Ese sentimiento que fluía cada vez que lo pensaba, cada momento me evocaba un pensamiento de
bondad, de esperanza, de querer ser mejor por él, para mostrarle más mi cariño hacia su persona y
su doctrina, sí, lo amaba sentimentalmente.

Pero también lo amaba en decisión, un amor que aún no se ha extinguido por completo en mí, ese
amor por decisión hizo que en una noche lluviosa cuando tenía diez años me arrodillara con plena
conciencia y le dijera quiero servirte como el predicador que escuché esta noche, misma decisión
que me llevó a dejar de decir groserías porque no era lo que él me recomendaba, ese amor que me
llevó a ponerme el mote de cristiano, de llevarlo a cuestas por la secundaria, preparatoria y
universidad a sabiendas de la gran carga que ponía sobre mí, pero también de la responsabilidad
que me exigía, lo amé en decisión cuando seguí el rito del bautismo por inmersión en agua en
tradición a la Escritura y doctrina de la comunidad eclesial en la que me desarrollé.
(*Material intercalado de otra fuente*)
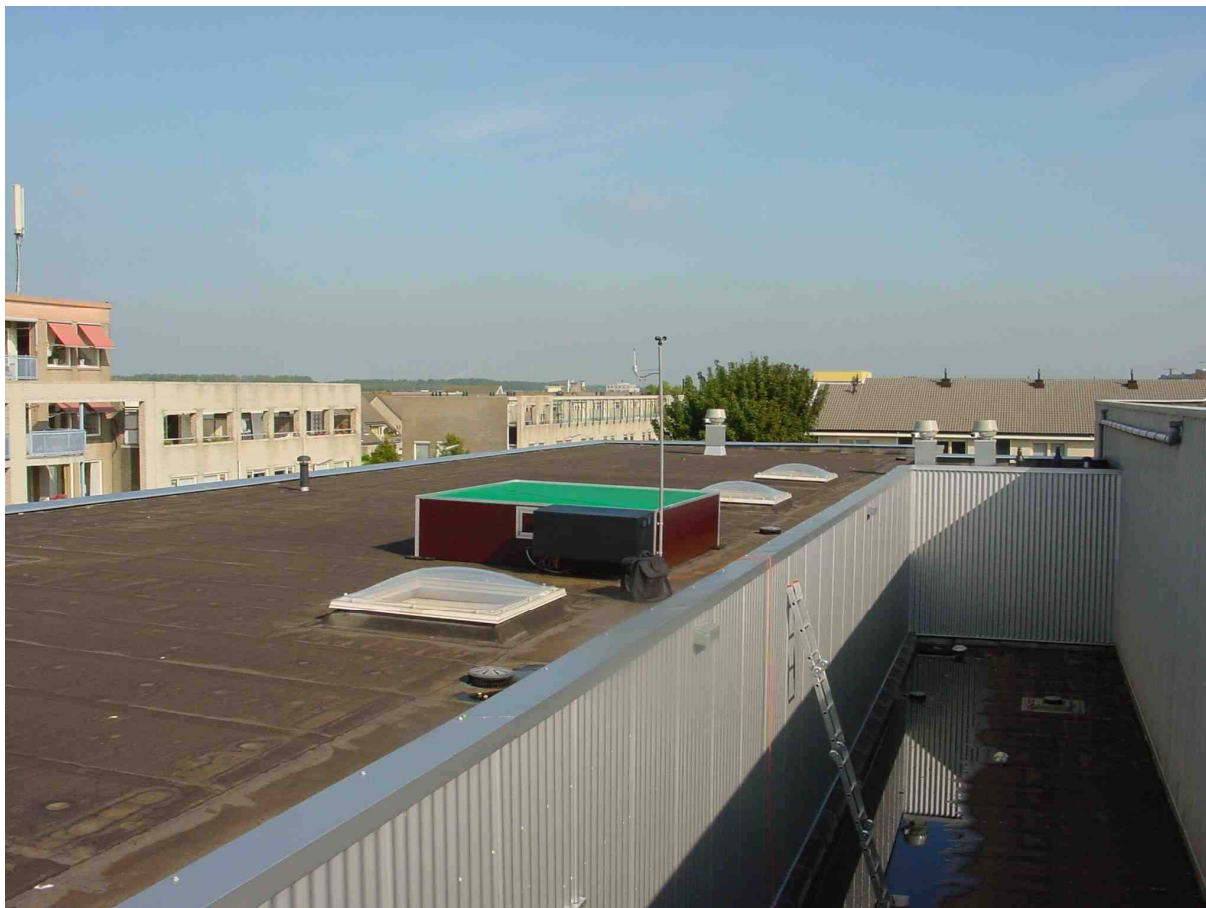
Luistervink 2004-600 met microfoonhuis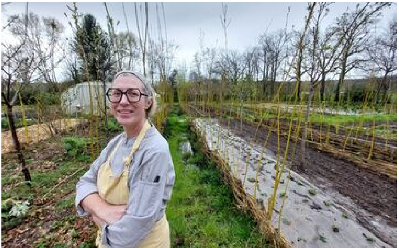
« C'est le potager qui décide de la carte » : un restaurant de Gambais primé au Michelin pour sa cuisine locale P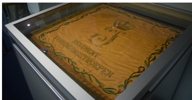
Het vaandel in de nieuwe vitrinekast

Ese amor por decisión ha sido la que me ha traído hasta este lugar, hasta estas letras, pues ese amor
por decisión me hizo gritarle de desesperación otra noche en un culto pentecostal “quiero servirte,
me siento inútil, mi vida no es nada si no hago algo para ti”, ese amor por decisión es el que me ha
llevado a perder el amor por sentimiento, el cual considero vital y sin el cual mi amor es incompleto,
mi peor decisión ir al seminario, mi transformación se dio allí, en esas aulas, en esos libros, en esas
frías paredes de conocimiento e intelectualismo, mi metamorfosis se dio allí, mi mejor experiencia.